Tuesday, January 24, 2012

Project Euler in R: Problem 25

Solutions in R to Project Euler problems are generally hard to find, so I've recently started posting R solutions on this site.  Here are the previous problems: problem 22problem 23 and problem 24

Now let's look at Problem 25 from Project Euler.  Here is the problem statement:
The Fibonacci sequence is defined by the recurrence relation: Fn = Fn1 + Fn2, where F1 = 1 and F2 = 1.
Hence the first 12 terms will be:
F1 = 1
F2 = 1
...
F11 = 89
F12 = 144
The 12th term, F12, is the first term to contain three digits. What is the first term in the Fibonacci sequence to contain 1000 digits?
This is an easy problem to solve for a small number of digits. It gets interesting once we increase the required number of digits to 1000. The R integer type can hold 10 digits at most, and the type double can hold 309 digits.  There is no Big Integer class in R that can hold larger numbers, so to compute the 1000 digit Fibonacci number we will have to be creative.

Computing Fibonacci numbers iteratively

Here is a basic iterative Fibonacci function, that works for Fibonacci numbers with 309 or fewer digits.
fib <- function(n) {
  a = 0
  b = 1
  for (i in 1:n) {
    tmp = b
    b = a
    a = a + tmp
  }
  return (a)
}
The version that works with larger numbers is similar, with the following changes
  • Integer vectors are used to store each Fibonacci number.
  • Each element of the vector is at most nine digits long.  
  • Once all the nine digits are used, a new element is added to the vector and the Fibonacci number computation is carried over to the new element.
  • The variable numberDigits counts the number of digits in the latest Fibonacci number.  When numberDigits exceeds 999, the function exits, returning the Fibonacci number index.
fib.bigint <- function(lim) {
  a = c(0)
  b = c(1)
  n = 0           # Fibonacci number index
  integerSize <- 1000000000  ## How big is each integer
  while (1) {
    n = n + 1     # Compute next Fibonacci number
    tmp = c(rep(0,length(a)-length(b)), b)  # Pad beginning with zero
    b = a
 
    # Add a and tmp
    carry = 0
    for (i in length(a):1) {
      sum.i = tmp[i] + a[i] + carry
      a[i] = sum.i %% integerSize
      carry = floor (sum.i / integerSize)
    }
    if (carry > 0) {a <- c(carry, a)}
    numberDigits <- (length(a) - 1) * 9 + countDigits(a[1])
    if (numberDigits > (lim - 1)) { return (n) }
  }
}
countDigits <- function(n) {
  count <- 1
  for (i in 1:9){
    if ((n/10) > 1) {
      count <- count + 1
      n = n / 10
    } else {
      return (count)
    }
  }
}

On my Intel Core 2 Duo 1.6Ghz laptop running Linux, this function less than 4 seconds to find the Fibonacci number with 1000 digits.

The analytical solution
Fibonacci numbers have a closed form solution, which leads to a simpler approximation by rounding (from Wikipedia),
Fn = the closest integer to (golden ratio)^n / sqrt(5) 
We need the first Fibonacci number with 1000 digits.  This number will be greater than or equal to 10^999.
Fn = the closest integer to (golden ratio)^n / sqrt(5) >= 10^999
We can drop the closest integer function because if Fn rounds off to the floor of the ratio, the resulting Fibonacci number will have less than the required digits.  So we need smallest n satisfying
(golden ratio)^n / sqrt(5) >= 10^999 
Or, n >= (999 log(10) + log(sqrt(5)))/log(golden ratio) 
Or, n >= 4781.86
So we need the 4782nd Fibonacci number to get the required 1000 digits.

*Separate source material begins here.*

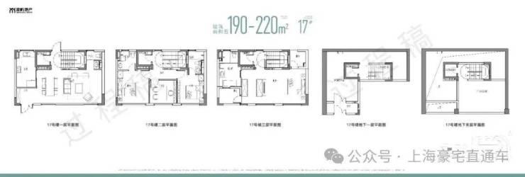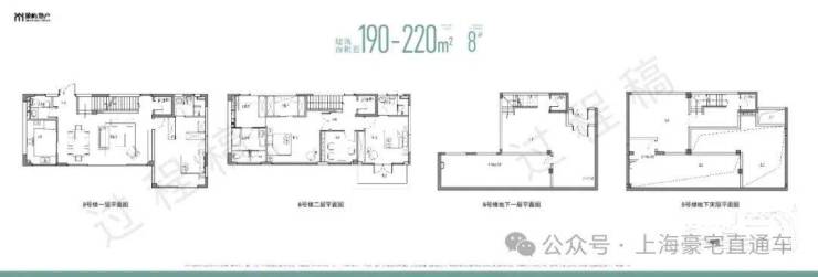 联排别墅共16幢2-3层,最大约15米面宽,双花园,海派老虎窗,地下层高6米,主力建面约191-223平(含地下室、露台、花园),实得约300-350平米,参考价18万/平米,总价区间 3200-4200万

This problem was particularly interesting to R users because it runs into an R-specific limitation. Many other languages don't have this problem and can just use a simple Fibonacci generator to get the answer. For example, in Scheme (or other Lisp variants), a naive Fibonacci implementation produces all the digits.

Aside: Having started writing about R, I have found an excellent online resource, R-bloggers -  an aggregator of content from various blogs about R. You can search for other R Project Euler solutions here.  Be sure to check out the top articles box on R-bloggers landing page if you're looking for new and interesting applications of R.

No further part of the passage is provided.